Giter Club home page Giter Club logo

Comments (10)

CarloLucibello avatar CarloLucibello commented on June 27, 2024

We fixed this
#1612
and then we unfixed it again
#1868
due to FluxML/Optimisers.jl#46 (comment)

There is some ambiguity in the paper. They call $\alpha$ the learning rate and $\eta_t$ some scheduled coefficient.
So assuming $\eta_t=1$ the current implementation seems correct.

On the other hand, the pytorch implementation seems equal to #1612, so I think we should fix AdamW again.

from flux.jl.

dpaetzel avatar dpaetzel commented on June 27, 2024

Thank you for unravelling that for me and sorry that I didn't notice those issues/PRs in the first place.
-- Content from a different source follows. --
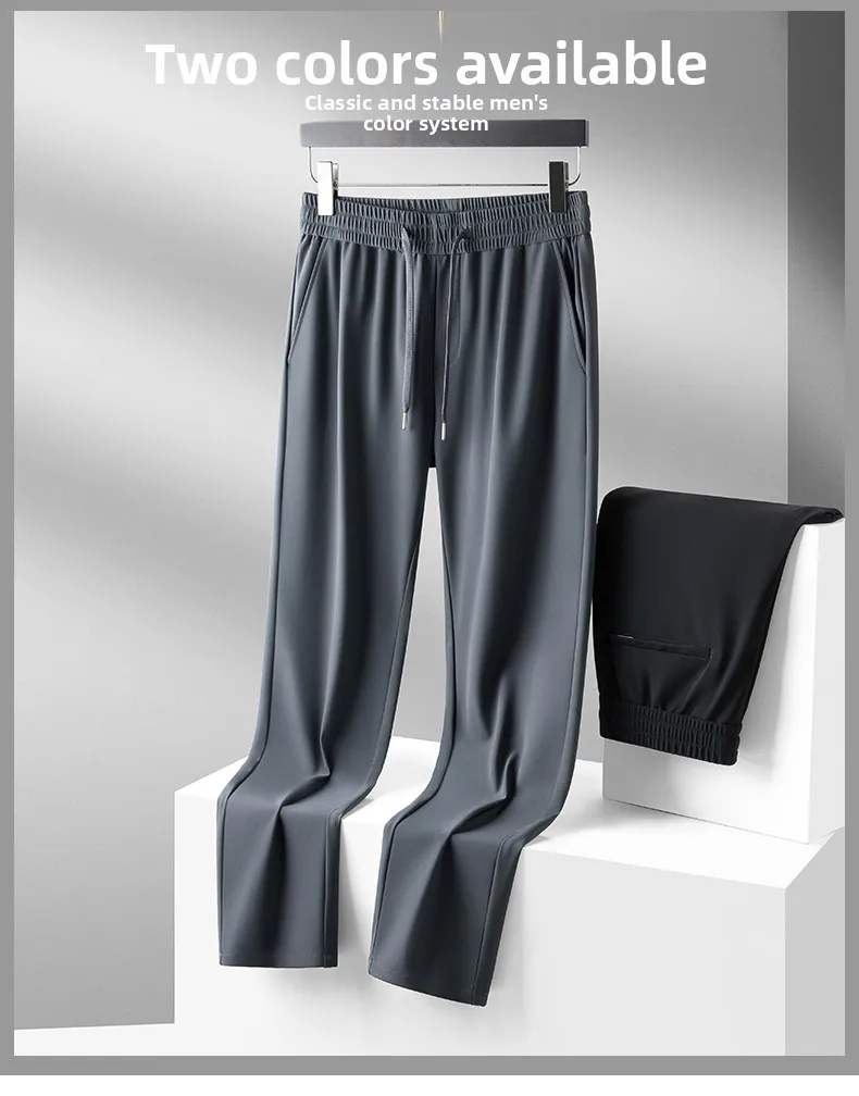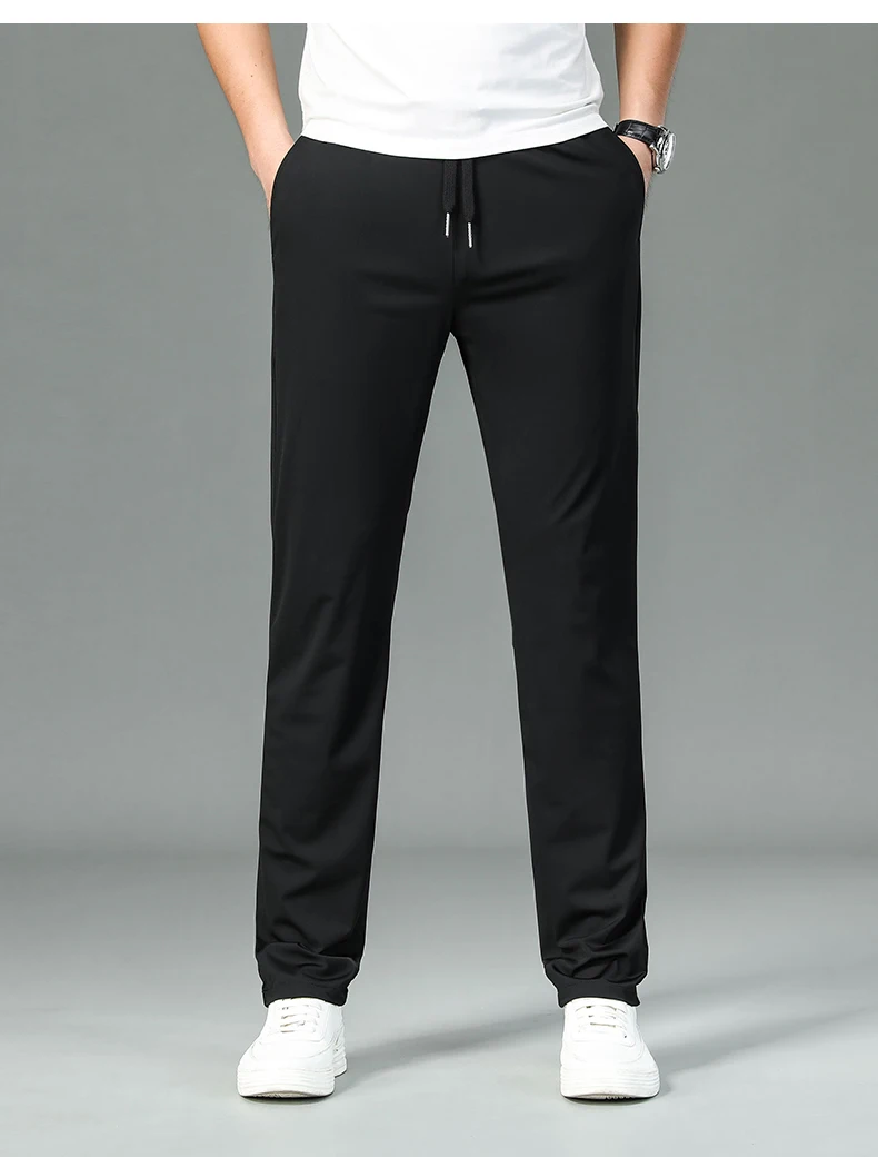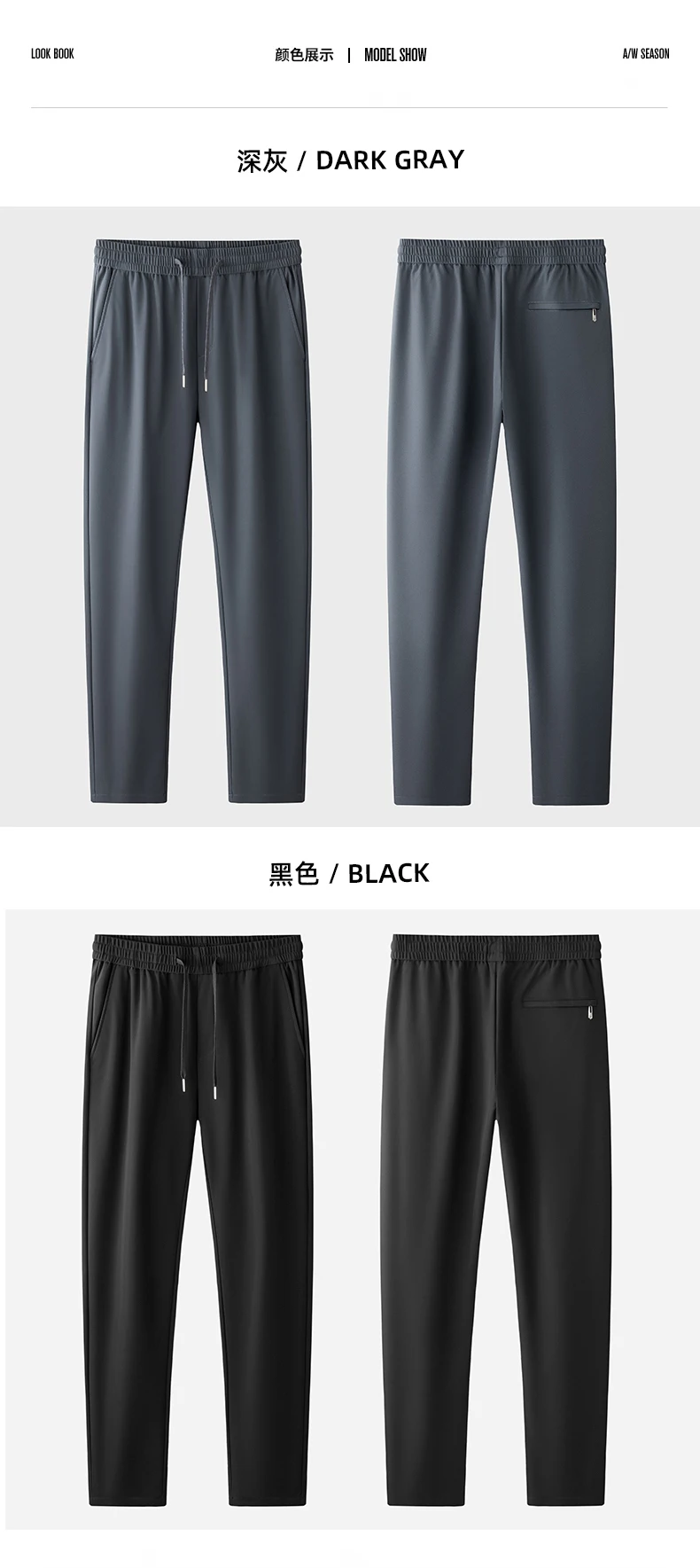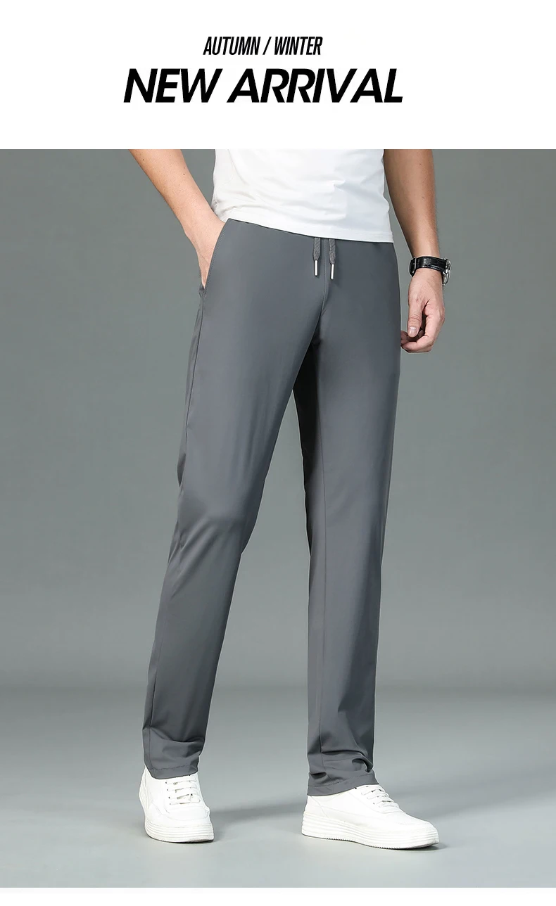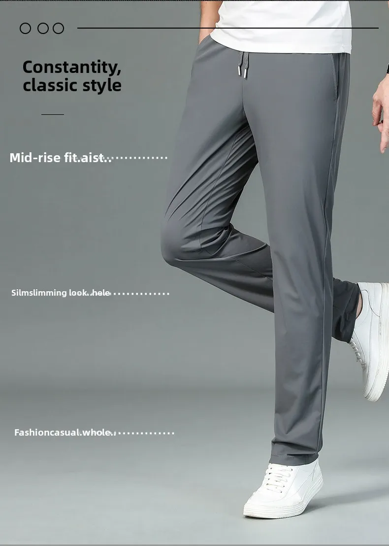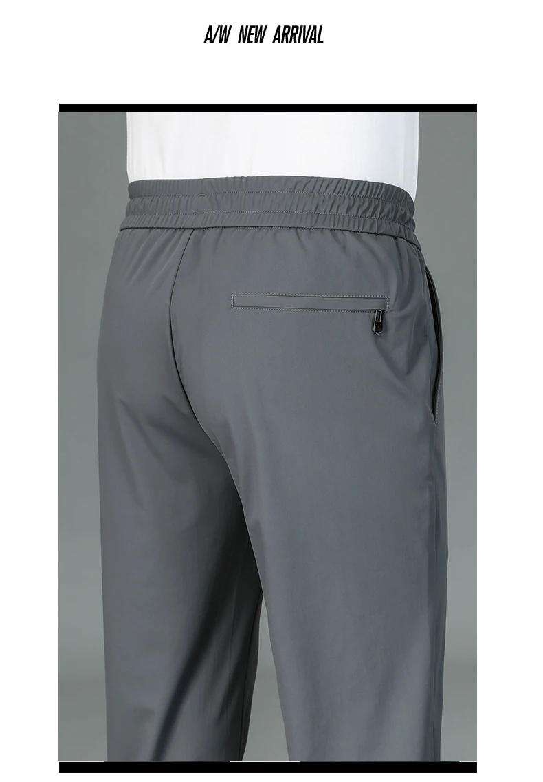 High Quality Ice Silk Stretch New Brand Casual Fashion Strappy Long Pants Elastic Pencil Street Style Teens Trousers Men Clothes

Short elaboration for future reference:

The paper on AdamW uncouples what it calls the “schedule multiplier $\eta_t$“ from the learning rate $\alpha$ (applied to the Adam update) and the regularization factor/weight decay $\lambda$. $\eta_t$ is applied as an additional factor to both of the other two factors.

Pytorch only exposes two parameters, $\gamma_\text{torch}$ (the learning rate) and $\lambda_\text{torch}$ (regularization factor/weight decay) with paper correspondence $\gamma_\text{torch} = \eta_t \alpha$ and $\gamma_\text{torch} \lambda_\text{torch} = \eta_t \lambda$. The implementation in #1612 hardcodes $\alpha$ to 1 which is exactly the same parametrization.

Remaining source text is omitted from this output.